_Try it_: Would you return the listing exactly as written, apart from its pictures?

_Given information_:
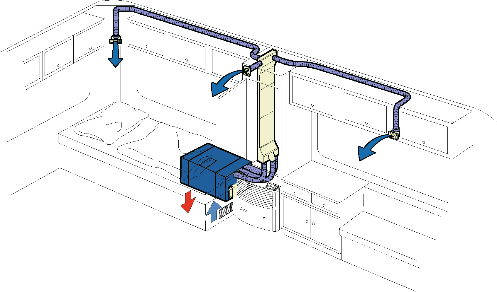 Mit dieser Lösung können Sie getrennte Wohn- und Schlafbereiche individuell mit kühler Luft versorgen. Durch verstellbare Ausströmer dosieren Sie gezielt, wie viel gekühlte und gereinigte Luft wohin strömt.
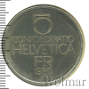 3044 5 франков. Швейцария 1989 Cu-Ni UNC sanfic 29 536 Закрыто
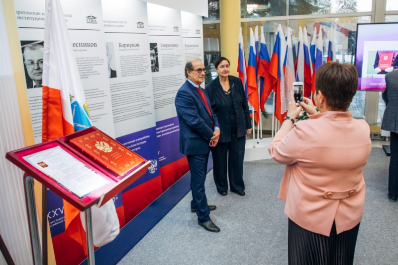 Глава региона поблагодарил организаторов выставки, а также отметил бесценный вклад ученых СГЮА и историческую значимость их участия в подготовке проекта действующей Конституции РФ.
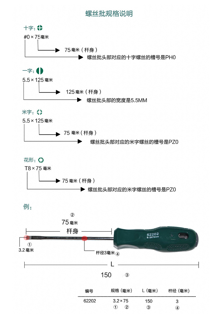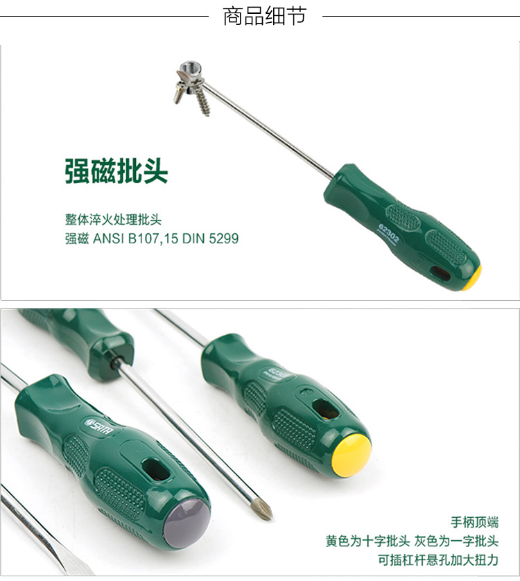 世达维修工具十字大号长螺丝刀小号螺丝批A系改锥强磁 62302 62313(6x150mm)

_Task output_:
 Mit dieser Lösung können Sie getrennte Wohn- und Schlafbereiche individuell mit kühler Luft versorgen. Durch verstellbare Ausströmer dosieren Sie gezielt, wie viel gekühlte und gereinigte Luft wohin strömt.
 3044 5 франков. Швейцария 1989 Cu-Ni UNC sanfic 29 536 Закрыто
 Глава региона поблагодарил организаторов выставки, а также отметил бесценный вклад ученых СГЮА и историческую значимость их участия в подготовке проекта действующей Конституции РФ.
 世达维修工具十字大号长螺丝刀小号螺丝批A系改锥强磁 62302 62313(6x150mm)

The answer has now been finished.